= SEC Rule 144A =

Rule of the U.S. Securities and Exchange Commission

Rule 144A. Securities Act of 1933, as amended (the "Securities Act") provides a safe harbor from the registration requirements of the Securities Act of 1933 for certain private resales of minimum $500,000 units of restricted securities to qualified institutional buyers (QIBs), which generally are large institutional investors that own at least $100 million in investable assets. When a broker or dealer is selling securities in reliance on Rule 144A, it may make offers to non-QIBs through general solicitations following an amendment to the Rule in 2012.

Since its adoption, Rule 144A has greatly increased the liquidity of the securities affected. This is because the institutions can now trade these formerly restricted securities amongst themselves, thereby eliminating the restrictions that are imposed to protect the public. Rule 144A was implemented to induce foreign companies to sell securities in the US capital markets. For firms registered with the SEC or a foreign company providing information to the SEC, financial statements need not be provided to buyers. Rule 144A has become the principal safe harbor on which non-U.S. companies rely when accessing the U.S. capital markets.

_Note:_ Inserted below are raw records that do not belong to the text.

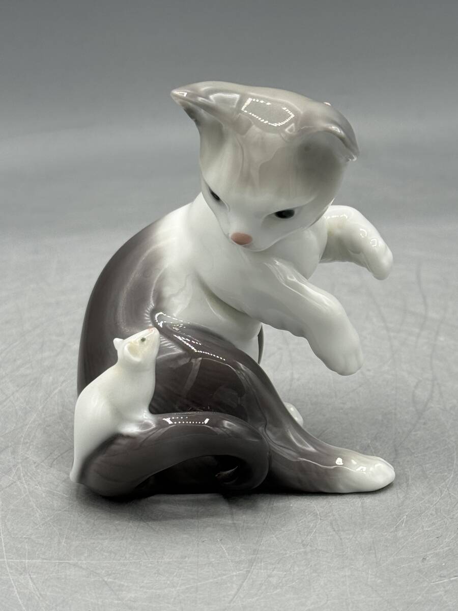 - リヤドロ ナオ 猫 ネズミ ネコ フィギュリン スペイン製 陶器 置物 陶磁器 陶磁器人形
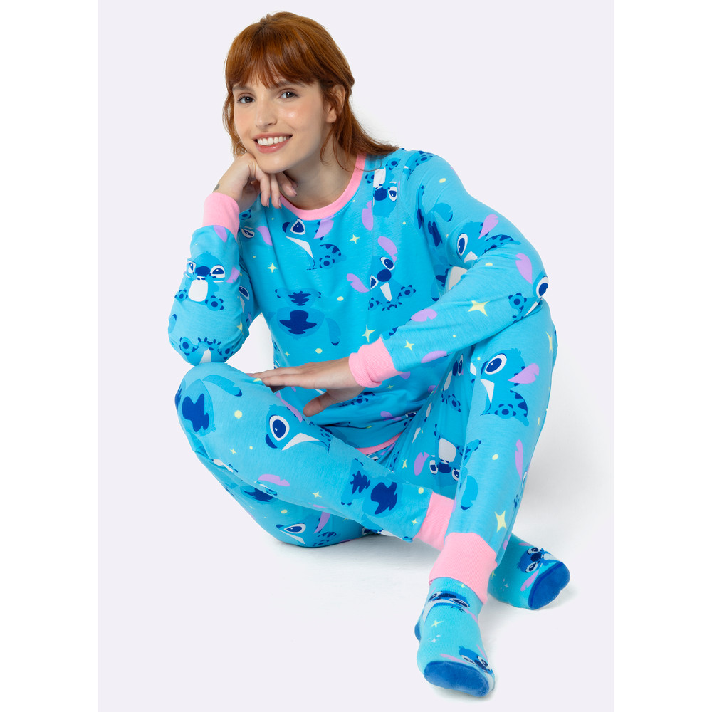 Pijama Feminino Inverno Blusa Manga Longa Ultra Visco e Calça Stitch 2 Peças Pijama Disney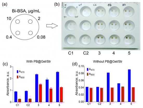 Based on the aforementioned experiments, for a comparative study, 30 different substrate compositions (Table S1) were formulated. Solutions with varying concentrations of Bi-BSA were dotted onto wells of white opaque polystyrene plates, and the adsorbed Bi-BSA was detected using PB@Gel/Str and DAB substrates (Figure S13). To measure the signal intensity, images of the wells after the assay were captured and analyzed using ImageJ software (https://imagej.net/ij/index.html, accessed on 22 June 2023). However, due to the non-homogeneous coloring of the spots, the results of the image analysis were inaccurate. Therefore, the best substrates were selected based on both image analysis and a visual assessment of the wells (Figure S14). Consistent with the intensity of the colored spots in the immunoassay, we also evaluated the spontaneous oxidation of the DAB substrates in 96-well plates by measuring A470 and A800 ten minutes after their preparation (Figure 6d).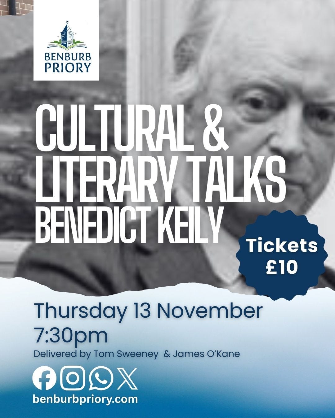 Benburb Priory is set to host a special literary event this November, shining a spotlight on the life and work of one of Ireland’s most celebrated writers, Benedict Kiely.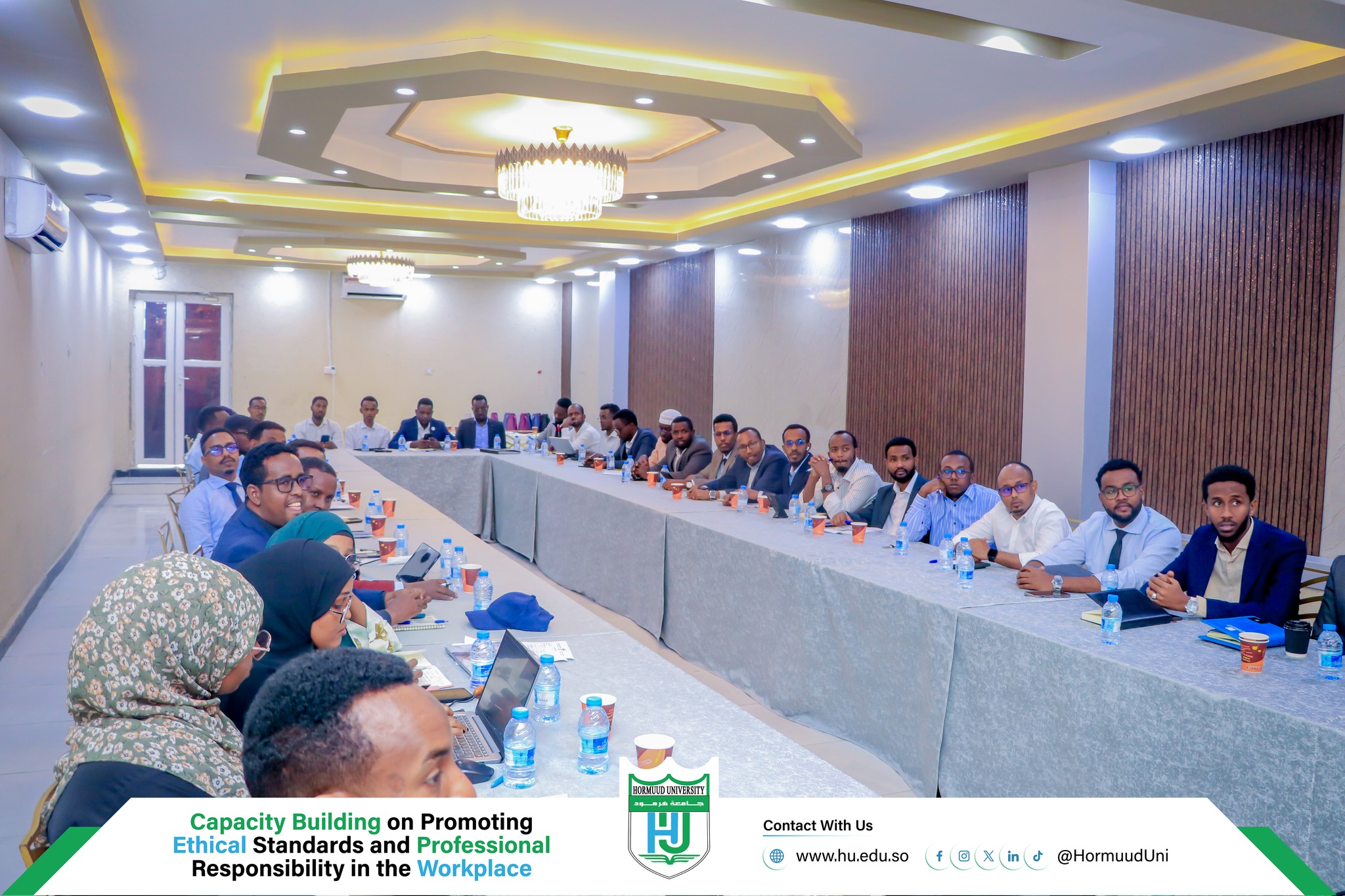 The training focused on strengthening work ethics, upholding professional responsibilities, and fostering a work environment grounded in transparency, trust, and accountability. Hormuud University remains committed to institutional excellence by cultivating a strong ethical culture, enhancing governance practices, and ensuring the delivery of high-quality education aligned with international standards.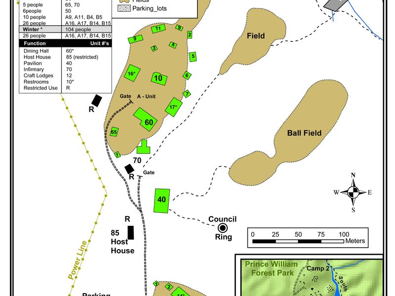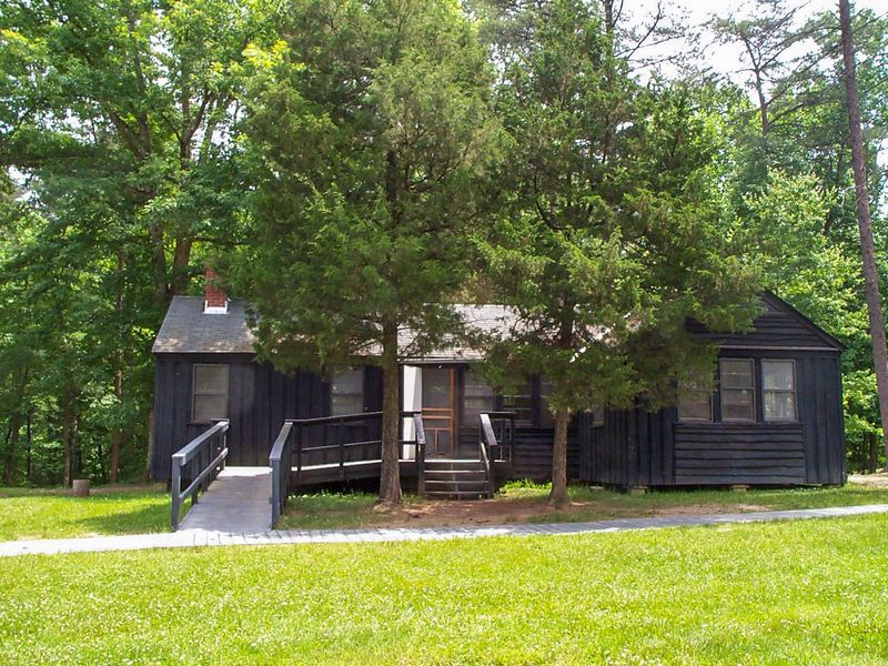 Cabin Camp 5 stands as the final and most expansive of the historic Civilian Conservation Corps cabin camps built in Prince William Forest Park during the 1930s. Set up in two units, the camp offers a mix of small cabins that sleep 2-4 people and large dorm buildings that accommodate 24 guests each, providing capacity for up to 210 people during summer months and 104 in winter. As the only cabin camp equipped with heating systems, Cabin Camp 5 operates year-round, distinguishing it from the other seasonal camps in the park. The camp facilities include a dining hall with a complete kitchen, craft lodges for activities, a central fire pit, an infirmary building, and the unique feature of an outdoor picnic pavilion located within the camp boundaries. The rustic setting maintains the historic character of the Depression-era construction while providing essential modern amenities including hot showers, flush toilets, and potable water available year-round. Groups can enjoy the surrounding 15,000-acre forest with miles of hiking trails and peaceful natural surroundings. Access to Cabin Camp 5 requires traveling on a gravel road (Mawavi Road), and the entire camp must be reserved as a single unit, making it ideal for large groups, scout troops, church groups, or family reunions. The camp operates on a reservation-only basis requiring at least two weeks advance notice. Summer rates are $900 per night while winter rates are $750 per night, not including the $20 per vehicle park entrance fee.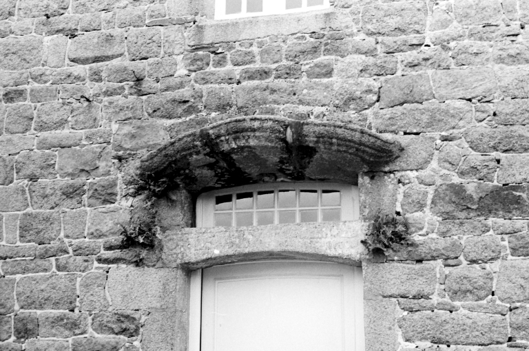 Vue détaillée, corps de logis, façade antérieure, porte d'entrée (cliché Sylvaine Laffiché, pré-inventaire, 1975)Immatriculation

Originally, in 1990, the Nasdaq Stock Market offered a compliance review process which granted The Depository Trust Company (DTC) book-entry access to Rule 144A securities. That review was later abandoned as unnecessary. Nasdaq launched an Electronic Trading Platform for Rule 144A securities called PORTAL.

Rule 144A should not be confused with Rule 144, which permits public (as opposed to private) unregistered resales of restricted and controlled securities within certain limits.